Han stared at the kid, aware of what he'd told the Rebel prisoner last night. Of the ease with which he'd lied, completely fooling Han, who knew him well, never mind the Rebel.

"We do have a name on the Rebel X-wing pilot though," Luke continued casually, turning back to key new images onto the tech screen. "I ran the voice print from our little chat through known resources, and identified him with around ninety percent accuracy as one Biggs Darklighter, an ex-Imperial pilot trained at the Prefsbelt Four Naval Academy, and coming from some dirtball planet in the back of beyond-Tatooine, in the Arkanis sector. Apparently he mutinied from the Rand Ecliptic, taking not only one D. Klivian-the Rand's executive officer-with him, but also the Rand Ecliptic itself."

"Gets around, huh?" Han murmured, studying the official Imperial ID headshot of Darklighter.

"Let's hope he does so onboard the Independence," Luke said.

He nearly turned that time, Han noted. Another few minutes and…

The Immortal dropped out of lightspeed in a lurch of constrained power, internal gravity popping Han's ears and shifting his weight before it caught up. Immediately the pit crew came to life, running through standard procedures as the first buzz of information came in.

"All stop," Captain Roth said from the front of the bridge as a matter of course. "Ops?"
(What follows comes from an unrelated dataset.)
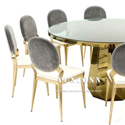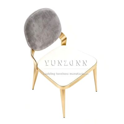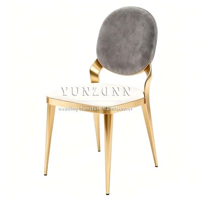 Chaises de banquet d'hôtel de mariage d'événement empilables en métal de luxe en gros et en tissu gris avec dossier rond et or à vendre |

"All systems online, Sir. Controls returned to the bridge. Reversion puts us on target, five thousand cubits from the Halla sector."

Han listened as the ship settled back into sublight routines, knowing that the individual ops stations needed to check in and confirm status before anyone could scan for the homing beacon's signal. Beside him the kid returned to the tech board, keying the console there to scan for the beacon's frequency, too impatient to wait.

"Sir," the comm officer lifted his head towards Captain Roth. "We have incoming updates and…"

"Got it!" Luke exclaimed under his breath, grinning. "Close by-very close. We can triangulate easily from this distance."

Indo leaned in, keeping his own voice low. "How long?"

"Seconds…it's narrowing the signal now."

A run of co-ordinates came up on the screen as Han moved closer, drawn in. "Well?"

Luke pulled up a navigation chart of Hutt Space and pasted the co-ordinates, watching as the system ticked…

Straightening, he looked up with pride-and it was Han that he turned to first, not Indo. "Danuta," he said triumphantly. "They're over Danuta."

In the crew pit, the comms officer stood up, voice tight. "Sir, we have an incoming alert from Danuta, in the Colovas system. The Imperial garrison there is under attack!"